RBI expected to prioritise inflation control over growth push
The Reserve Bank of India (RBI) is widely expected to keep its benchmark repo rate unchanged at 5.25 per cent in the upcoming April monetary policy review, as policymakers grapple with rising global uncertainties and inflation risks. Economists indicate that escalating tensions in West Asia , coupled with surging crude oil prices and a weakening rupee, have complicated the central bank’s policy outlook.
The six-member Monetary Policy Committee (MPC), which begins deliberations on Monday, is likely to adopt a cautious and watchful stance , prioritising inflation management over aggressive growth support. Analysts note that crude oil prices hovering above USD 100 per barrel and the rupee’s depreciation beyond ₹93 against the US dollar are fuelling imported inflation , particularly in fuel, transportation and core sectors. Estimates suggest that every USD 10 increase in crude prices could push inflation higher by up to 0.60 percentage points.
Despite retail inflation easing closer to the RBI’s medium-term target of 4 per cent , risks remain elevated due to volatile commodity prices and potential weather-related disruptions such as a super El Niño , which may impact food prices. In this backdrop, economists expect the central bank to maintain its neutral policy stance , allowing flexibility to respond to evolving global and domestic conditions.

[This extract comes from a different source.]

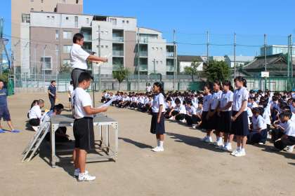 「第69回社会を明るくする運動」作文コンテストで、優秀作文に選ばれたTさんが、全校集会で表彰され生徒全員から大きな拍手で祝福されました。おめでとうございます。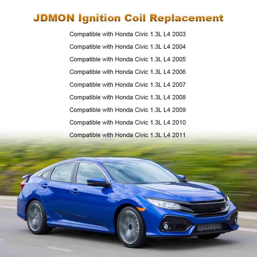 Juego de 8 bobinas de encendido JDMON compatibles con los siguientes vehículos: Honda Civic 2003-2011. Diseñadas con materiales de alta calidad que cumplen o superan los estándares OEM, estas bobinas de encendido tienen una alta tolerancia a altas temperaturas, lo que las hace resistente a las grietas, agujeros y defectos que suelen causar problemas de falla. Antes de comprar, asegúrese de que las bobinas sean compatibles con su vehículo consultando la información de descripción o utilizando los números de parte intercambiables en la parte superior de la lista. La instalación de partes automotrices requiere conocimientos y habilidades profesionales, por lo que se recomienda completarla bajo la orientación de un mecánico profesional.

The RBI has already reduced the repo rate by 1.25 percentage points since last year to support growth, but has held rates steady in its recent policy reviews, signalling a shift towards consolidation. Experts believe the upcoming policy may also see upward revisions in inflation forecasts , reflecting persistent external pressures.
As India’s central bank, the RBI plays a critical role in inflation management through interest rate adjustments, liquidity control, and monetary signalling . Its policies have been largely effective in anchoring inflation expectations in recent years, particularly by steering inflation closer to its 4 per cent target band after periods of volatility. However, economists caution that external shocks such as geopolitical conflicts and commodity price spikes often limit the immediate effectiveness of monetary policy , requiring a calibrated and patient approach.
With global uncertainties persisting, the RBI is expected to emphasise policy flexibility, financial stability, and close monitoring of currency movements and capital flows , while ensuring that inflation remains within manageable levels without derailing economic growth.